The first thing to keep in mind is that a GPU renders images or frames with a huge number of pixels on the screen tens of times per second. To the point of reaching tens of millions of pixels that are drawn on a screen per second in front of our eyes.
But, before those pixels reach the screen they need to be drawn in an image buffer, which is a part of the VRAM that on the one hand stores the image already generated by the GPU and on the other hand the one that is currently generating. the GPU. This image is composed when the GPU at the end of the 3D Pipeline writes the pixels to the image buffer.
Because that huge amount of pixels has to be drawn quickly enough, the GPU memory needs to have a good bandwidth.
Pixel Shaders, ROPS and VRAM Bandwidth
The penultimate stage of the 3D pipeline are the Pixel Shaders, which always export the results of their programs to the ROPS, the only piece in the graphic pipeline with the ability to write to memory.
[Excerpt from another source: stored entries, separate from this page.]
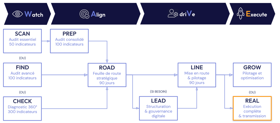 La mission REAL – Accompagnement d’exécution complète s’adresse aux PME e-commerce qui disposent d’un plan clair, mais qui manquent temporairement de ressources pour le déployer efficacement.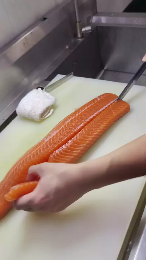 Cut the salmon into pieces. #kitchenknives #cheflife #asmr #messerforge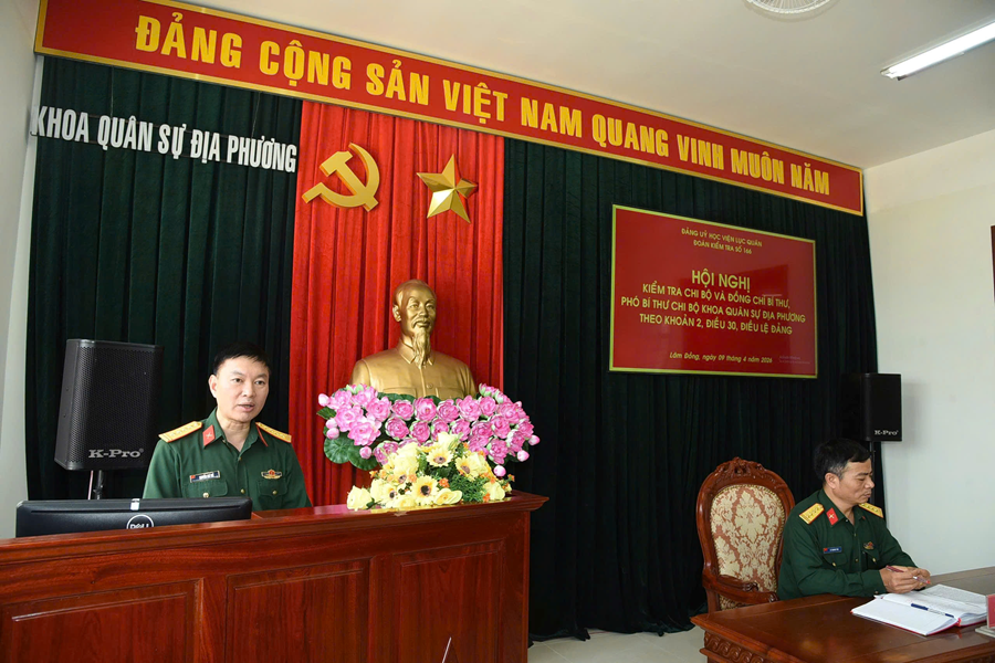Đoàn Kiểm tra số 166 của Đảng ủy Học viện Lục quân kiểm tra Chi bộ Khoa Quân sự địa phương theo Khoản 2, Điều 30, Điều lệ đảng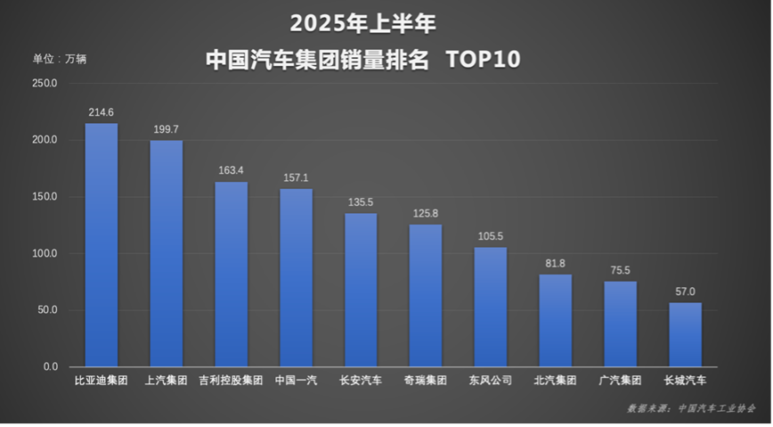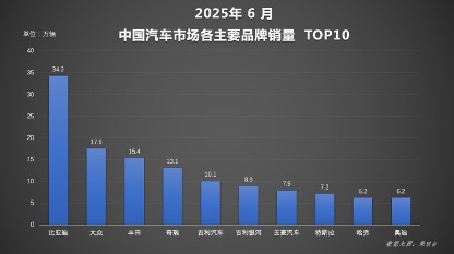 **比亚迪6月及上半年销量双夺冠**,再次彰显其在中国汽车市场的领先地位。2025年6月,比亚迪以38.3万辆的集团销量蝉联榜首,单一品牌销量更达34.3万辆;上半年总销量突破214.6万辆,成为唯一超200万的车企,王朝+海洋系列贡献197.2万辆,稳居销量冠军。海外市场同样亮眼,上半年出口47.2万辆,同比增长132%,高端品牌与商用车亦表现强劲。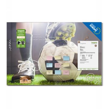 Material: 4mm Sicherheitsglas mit Metallrückwand Eigenschaften: beschreibbar, magnetisch, kratzfest Maße: 120x80x0,6cm, 14,40kg schwer Motiv Nummer 10810 Anpfiff Zubehör: inklusive 4 Neodym-Magnete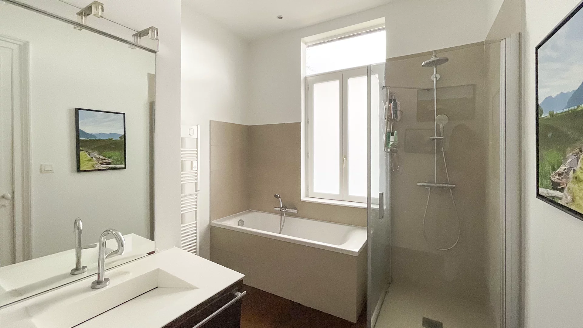 Dès l’entrée, vous découvrirez une belle pièce de vie lumineuse, sublimée par une cheminée feu de bois, offrant une atmosphère chaleureuse et conviviale. La cuisine séparée, entièrement équipée, s’ouvre sur un agréable jardin, véritable havre de paix pour profiter des beaux jours. Un espace bureau complète ce niveau.

Either to the last level cache, in the case of the newer graphic architectures, as well as to the VRAM itself, which is the general case.
GPU manufacturers always specify the number of ROPS their GPUs have, for example the NVIDIA RTX 3090 has a total of 112 ROPS, which means that it can write to the image buffer up to 112 pixels per scan cycle. clock. The GPU at its base speed works at 1395 MHz, so while it works at that speed it will write in the image buffer 156,240,000,000 pixels in total, if each of them contains 32 bits of information, 8 bits per component, on average , then a bandwidth of 625 GB / s will be required.
The enormous bandwidth that GPUs need to work has forced the implementation of image buffer compression mechanisms such as the implementation of Delta Color Compression, which compress the information, reducing the impact on bandwidth.
Tile, bandwidth and VRAM rendering
Because GPUs that render by tiles what they do is divide the image buffer into small image buffers that fit inside a GPU’s internal memory, these do not require high-bandwidth VRAM memories, which are not viable. in handheld devices like GDDR6.
This is the reason why PostPC devices that use this type of GPU such as tablets and smartphones, do not have bandwidth problems when rendering, since their GPUs render by tiles. However, the implementation of Tile Rendering translates into complicating the hardware sacrificing raw power by having a somewhat more complicated rendering pipeline.
If you combine a Tile Renderer with a high-bandwidth VRAM memory, either HBM2 or GDDR6, the result would be that one party would not allow to take full advantage of the other, since the benefits of one would outweigh those of the other .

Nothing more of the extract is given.